If we are going to pick any language where Scala Native is “competing” (and I don’t think such discussions are fruitful anyways as covered by @rcano), I would rather pick Python instead of Go or Rust. Having worked full-time with Python, I think there’s lot of applications that are using Python today where Scala would be better suited.

I am super excited about GraalVM native-image and I’m already heavily using it in several projects both in open source (Scalafmt) and at work. However, the developer experience with native-image today is not great: it takes a long time to link a binary resulting in slow edit-and-test feedback loops and there are many native-image configuration flags that tweak the runtime semantics, which requires a decent upfront investment to learn. In comparison, Scala Native binaries link significantly faster and you can test them just like you would test a JVM application giving me better confidence that the binary works as expected at runtime.

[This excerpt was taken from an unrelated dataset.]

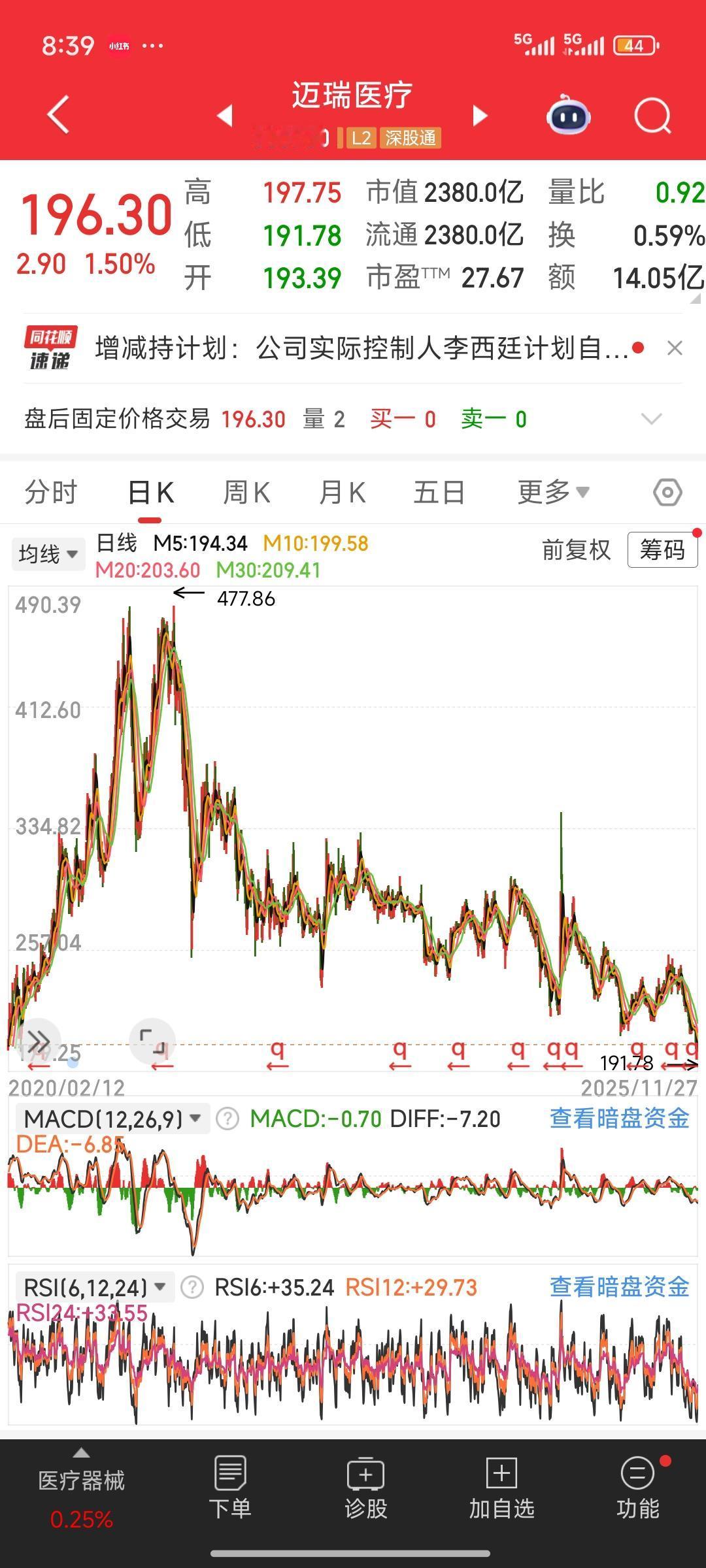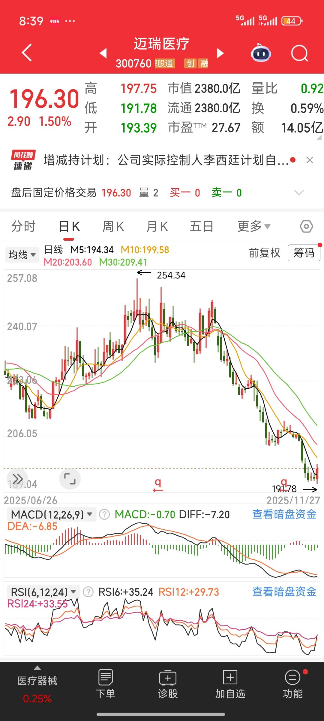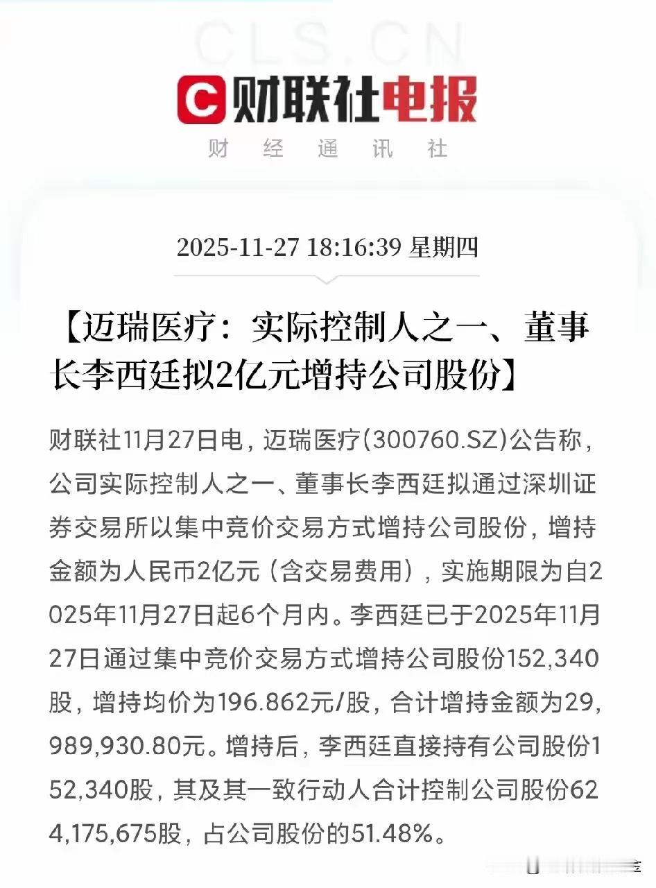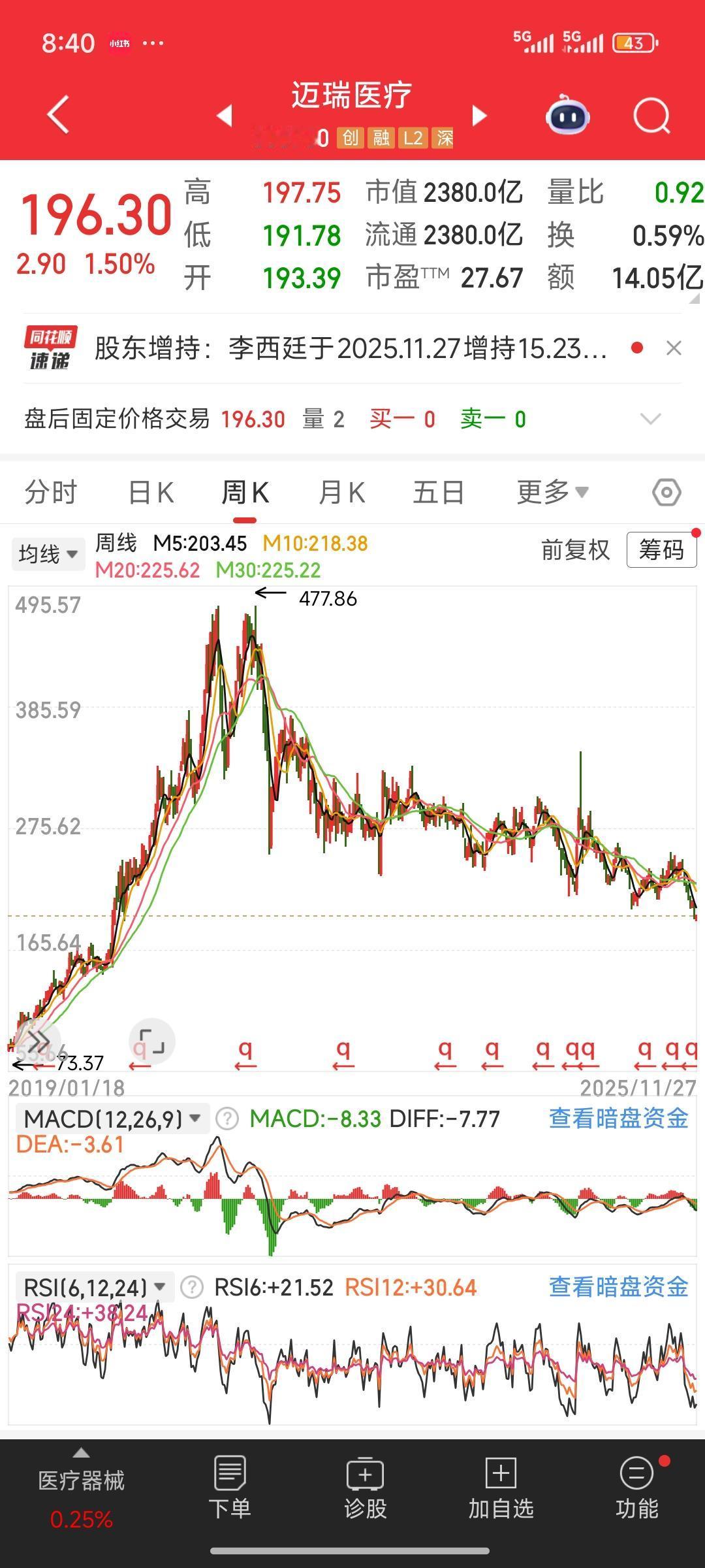 迈瑞医疗,今天迎来了董事长的2亿真金白银的增持。迈瑞股份上市之后,就迎来了上涨,股价最高涨到477元,是曾经的一个大牛股,同时它也是医疗器械板块的优质白马股,那么在医疗行业里也是口碑非常之佳,尤其在超声领域。更是国内有堪与国外同品质的这样一个品牌医疗器械公司。但是2021年之后近4年的股价是逐步下跌,近期更是创下了新低。董事长这2亿的增持,是真金白银的,但能否阻挡股价的下降,迎来一波上涨呢,还是仅仅是螳臂当车不自量力的多此一举呢? 不管怎么样对于董事长这种维护股价,这样一个真金白银的行为,我们身为股民是真心实意的赞起来,为之喝彩鼓掌。也期待a股上市公司的各位老总啊,以及公司的高层呢,都能够向这位老板看齐啊,真心实意的拿出真金白银来维护自己的股价,爱护自己的公司的品牌形象,那么我们a股就有希望,也有可能创造像像印度,越南、日本、美国这样的一个长期牛市的这样一个趋势。迈端医疗 迈瑞集团 迈瑞医疗待遇

I think native-image is revolutionary technology and a huge boon to the Scala/JVM ecosystem. I’m also just as excited about the applications for Scala Native. These are not contradicting views.

7 Likes

Just to pick up on this, I work on a lot of scripts, mostly Python.

Python is great, but inevitably you want to do something in parallel: whether parallel HTTP requests, maybe parallel building some docker containers, parallel auto-formatting some source files, whatever.

This is the point at which all hell breaks loose. Multi-threading in Python doesn’t work well, and multi-processing in Python is clunky and fragile. multiprocessing.pool breaks Ctrl-C and makes scripts unkillable unless you jump through hoops with Ctrl-Z and kill -9, and the -9 is often required. Many of these scripts are slow (hence the parallelization) and it’s not uncommon that a script will blow up with a NameError or TypeError after several minutes of execution, with the stack trace mangled due to multiprocessing. Deployment is often a pain: even with tools like PEX to try and make somewhat-hermetic executables, someone will inevitably brew install something that messes up the global python install.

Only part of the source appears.